__NPL Analysis:
finding NPL scores Spairs and Sall.__

__Algorithms and complexity.__

**The main idea** of the implementation is to go over all possible inheritance
vectors in special order and for each vector to find Spairs
and Sall scores. We use “gray code” to define the
order of looping (over inheritance vectors):

Example of “gray code” for vector containing 3 bits: 000, 001, 011, 010,
110, 111, 101, 100. This order is very useful, because only 1 bit in vector is
changed per iteration, and in the case when the inheritance bit is changed in
the person which is not affected or has no affected children, NPL score (Spairs or Sall) doesn’t depend on
this bit, so we can just copy the scores from the previous iteration.
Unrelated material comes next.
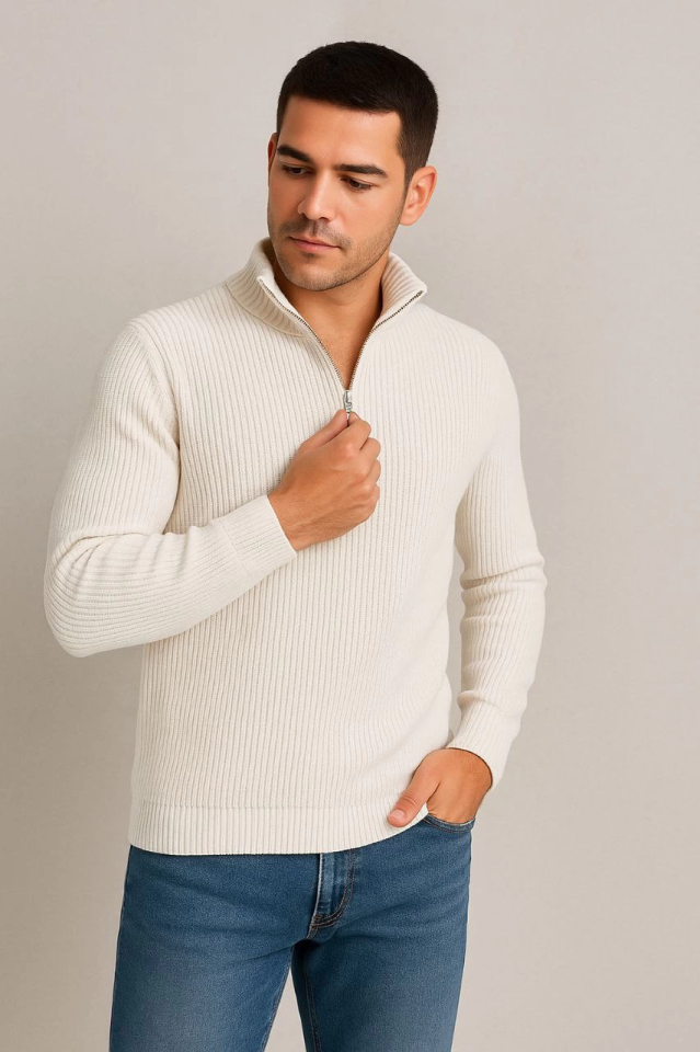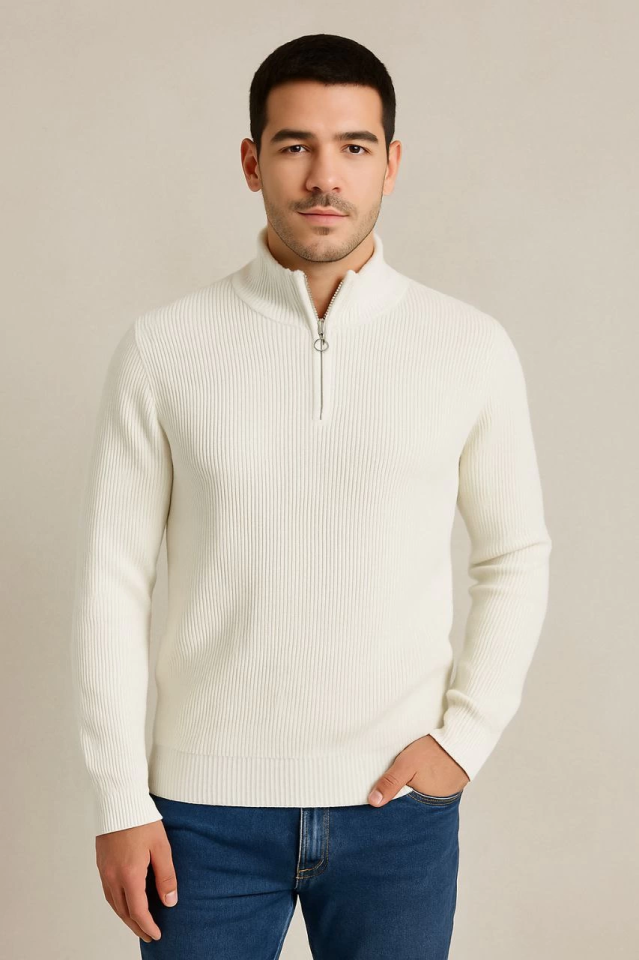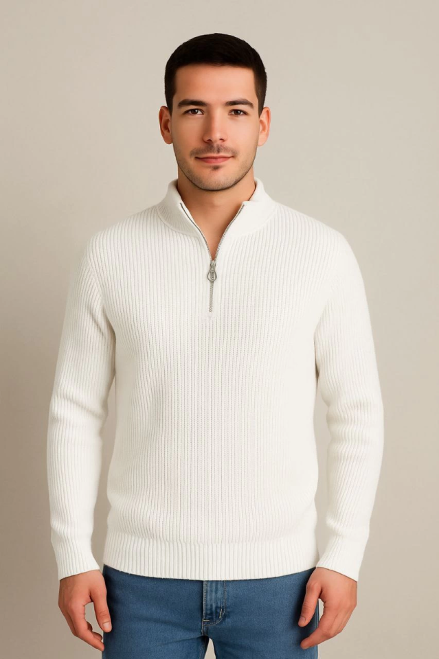 Erkek Yarım Fermuarlı Triko Kazak – Selanik Örgü, Dik Yaka, Pamuklu Dokuma, Regular Fit Uzun Kollu Kışlık Model - Beyaz

This order is also used in the computation of Sall(v) for some vector v:
we collect alleles from the affected individuals, one allele from each
individual, get some collection and compute it’s score; when we want to get the
next collection, we change 1 bit for some individual (in the order of “gray
code”) and use the saved score of the previous collection to compute in O(1)
score for current collection.

Here is more detailed description of the algorithm.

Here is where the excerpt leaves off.